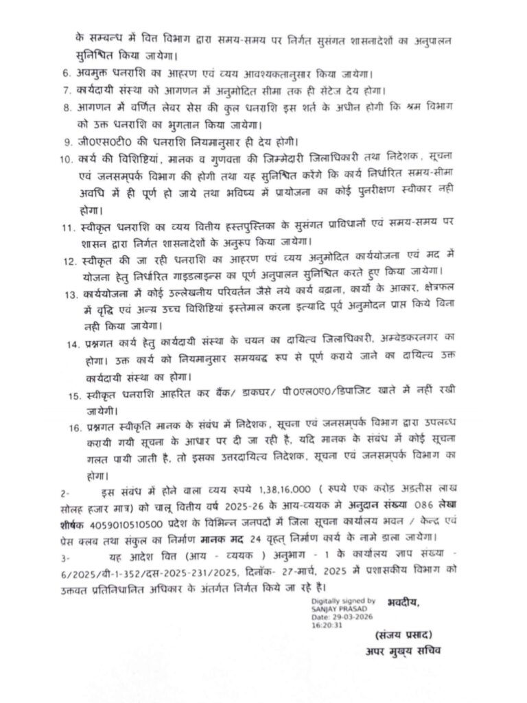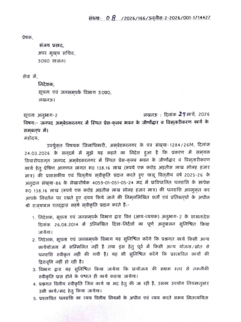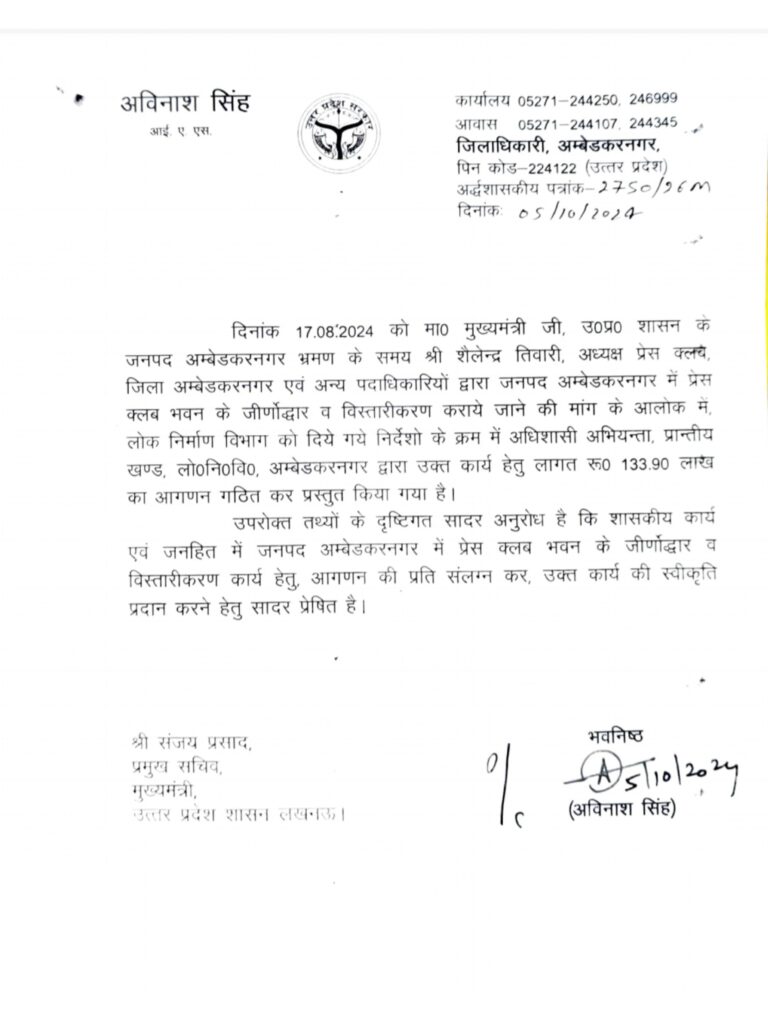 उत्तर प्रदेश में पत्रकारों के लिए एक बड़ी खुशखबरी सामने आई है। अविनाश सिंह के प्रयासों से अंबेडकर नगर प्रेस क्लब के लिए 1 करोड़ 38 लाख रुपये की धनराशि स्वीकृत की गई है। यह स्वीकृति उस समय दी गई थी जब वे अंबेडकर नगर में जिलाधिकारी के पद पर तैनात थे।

--

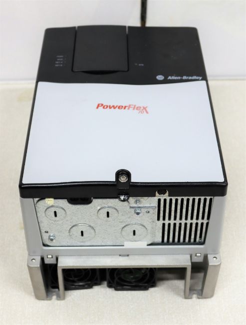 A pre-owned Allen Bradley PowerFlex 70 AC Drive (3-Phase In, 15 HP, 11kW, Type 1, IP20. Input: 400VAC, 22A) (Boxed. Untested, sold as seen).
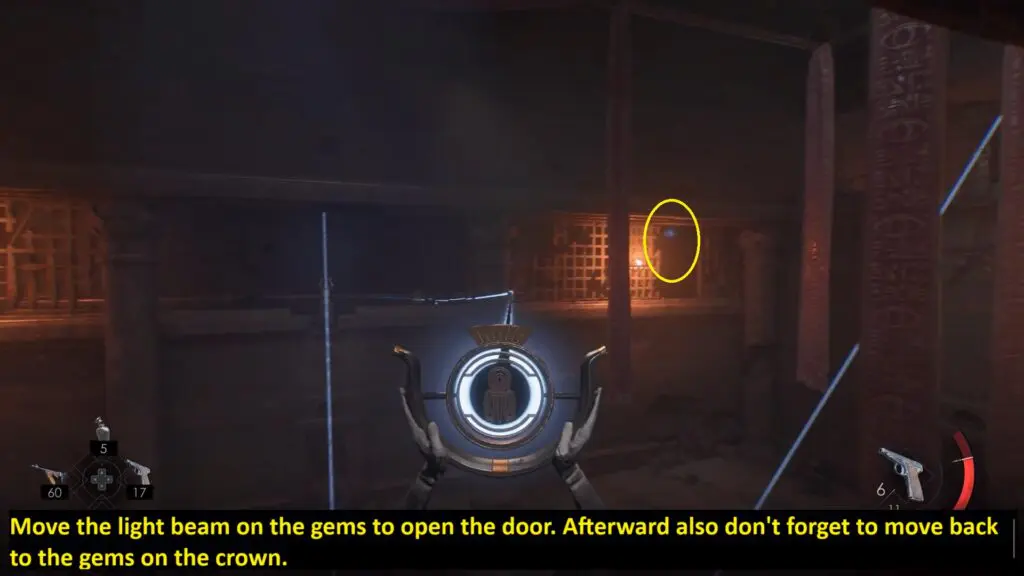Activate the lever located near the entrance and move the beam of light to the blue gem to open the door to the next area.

...

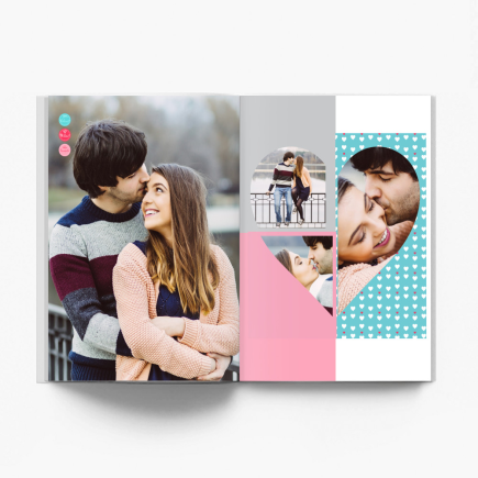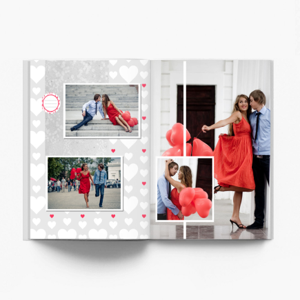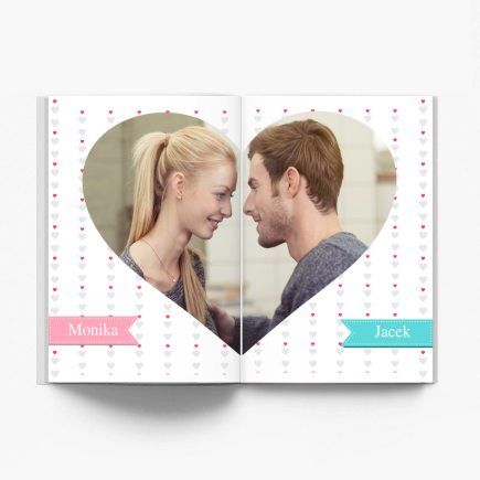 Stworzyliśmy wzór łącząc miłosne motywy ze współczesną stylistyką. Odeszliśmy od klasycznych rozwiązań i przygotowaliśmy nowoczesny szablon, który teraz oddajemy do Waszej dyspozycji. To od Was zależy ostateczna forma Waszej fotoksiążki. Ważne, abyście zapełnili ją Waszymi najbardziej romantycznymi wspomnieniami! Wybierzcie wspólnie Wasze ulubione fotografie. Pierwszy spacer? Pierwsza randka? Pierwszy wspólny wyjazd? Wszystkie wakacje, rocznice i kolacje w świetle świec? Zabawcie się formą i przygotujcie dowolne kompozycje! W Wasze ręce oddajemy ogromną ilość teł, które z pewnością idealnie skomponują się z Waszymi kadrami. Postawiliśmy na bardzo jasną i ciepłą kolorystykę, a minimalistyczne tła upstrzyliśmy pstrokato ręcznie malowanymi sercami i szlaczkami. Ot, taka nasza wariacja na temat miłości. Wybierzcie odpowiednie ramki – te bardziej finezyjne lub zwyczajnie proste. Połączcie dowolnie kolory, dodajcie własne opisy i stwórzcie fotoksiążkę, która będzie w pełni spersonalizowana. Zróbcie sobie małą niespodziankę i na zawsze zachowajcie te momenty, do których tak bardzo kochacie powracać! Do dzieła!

## ASSIGNMENT
Once the line with "A pre-owned Allen" is found above, transcribe each line from it through the line with "Activate the lever", exactly, and omit the pictures.

## EXERCISE OUTPUT
 A pre-owned Allen Bradley PowerFlex 70 AC Drive (3-Phase In, 15 HP, 11kW, Type 1, IP20. Input: 400VAC, 22A) (Boxed. Untested, sold as seen).
Activate the lever located near the entrance and move the beam of light to the blue gem to open the door to the next area.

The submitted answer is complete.